数字信号处理功率谱估计方法分经典功率谱估计和现代功率谱估计,现代功率谱估计以参数模型功率谱估计为代表,参数功率谱模型如下:
u(n) ——> H(z) ——> x(n)
参数模型的基本思路是:
—— 参数模型假设研究过程是由一个输入序列u(n)激励一个线性系统H(z)的输出。
—— 由假设参数模型的输出x(n)或其自相关函数来估计H(z)的参数
—— 由H(z)的参数估计x(n)的功率谱
因此,参数模型功率谱的求解有两步:
(1)H(z)模型参数估计
(2)依据模型参数求功率谱
matlab工具箱中提供了现成的函数实现AR模型功率谱计算。参考[2],我们将内容摘录如下:
AR模型的谱估计是现代谱估计的主要内容。
1.AR模型的Yule—Walker方程和Levinson-Durbin递推算法:在MATLAB中,函数levinson和aryule都采用Levinson-Durbin递推算法来求解AR模型的参数a1,a2,……,ap及白噪声序列的方差,只是两者的输入参数不同,它们的格式为:
A=LEVINSON(R,ORDER) A=ARYULE(x,ORDER)
两函数均为定阶ORDER的求解,但是函数levinson的输入参数要求是序列的自相关函数,而函数aryule的输入参数为采样序列。

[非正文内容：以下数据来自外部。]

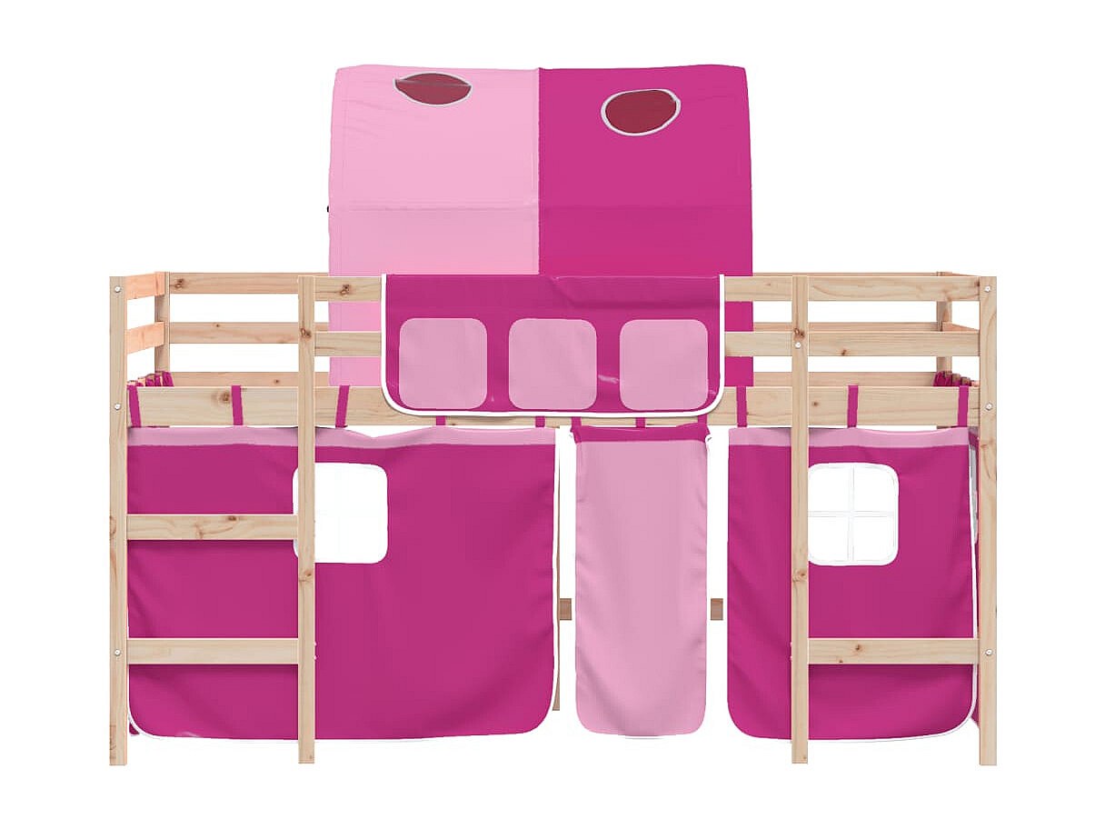 Lit simple-Lit mezzanine enfant avec tunnel sans matelas rose 90x190 cm

下面语句说明函数levinson和函数aryule的功能是相同的:
例子:
randn('seed',0)
a=[1 0.1 0.2 0.3 0.4 0.5];
x=impz(1,a,20)+randn(20,1)/20;
r=xcorr(x,'biased');
r(1:length(x)-1)=[];
A=levinson(r,5)
B=aryule(x,5)
2.Burg算法:
格式为:A=ARBURG(x,ORDER); 其中x为有限长序列,参数ORDER用于指定AR模型的阶数。以上面的例子为例:
randn(‘seed’,0)
a=[1 0.1 0.2 0.3 0.4 0.5];
x=impz(1,a,20)+randn(20,1)/20;
A=arburg(x,5)
3.改进的协方差法:
格式为:A=ARMCOV(x,ORDER); 该函数用来计算有限长序列x(n)的ORDER阶AR模型的参数。例如:输入下面语句:
randn(‘seed’,0)
a=[1 0.1 0.2 0.3 0.4 0.5];
x=impz(1,a,20)+randn(20,1)/20;
A=armcov(x,5)
**AR模型阶数P的选择:
AR模型阶数P一般事先是不知道的,需要事先选定一个较大的值,在递推的过程中确定。在使用Levinson—Durbin递推方法时,可以给出由低阶到高阶的每一组参数,且模型的最小预测误差功率Pmin(相当于白噪声序列的方差)是递减的。直观上讲,当预测误差功率P达到指定的希望值时,或是不再发生变化时,这时的阶数即是应选的正确阶数。
因为预测误差功率P是单调下降的,因此,该值降到多少才合适,往往不好选择。比较常见的准则是:
最终预测误差准则:FPE(r)=Pr{[N+(r+1)]/ [N-(r+1)]}
信息论准则:AIC(r)=N*log(Pr)+2*r
上面的N为有限长序列x(n)的长度,当阶数r由1增加时,FPE(r) 和AIC(r)都将在某一r处取得极小值。将此时的r定为最合适的阶数p。**
MATLAB中AR模型的谱估计的函数说明:
1. Pyulear函数:
功能:利用Yule–Walker方法进行功率谱估计.
格式: Pxx=Pyulear(x,ORDER,NFFT)
[Pxx,W]=Pyulear(x,ORDER,NFFT)
[Pxx,W]=Pyulear(x,ORDER,NFFT,Fs)
Pyulear(x,ORDER,NFFT,Fs,RANGE,MAGUNITS)
说明:Pxx =Pyulear(x,ORDER,NFFT)中,采用Yule–Walker方法估计序列x的功率谱,参数ORDER用来指定AR模型的阶数,NFFT为FFT算法的长度,默认值为256,若NFFT为偶数,则Pxx为(NFFT/2 + 1)维的列矢量,若NFFT为奇数,则Pxx为(NFFT + 1)/2维的列矢量;当x为复数时,Pxx长度为NFFT。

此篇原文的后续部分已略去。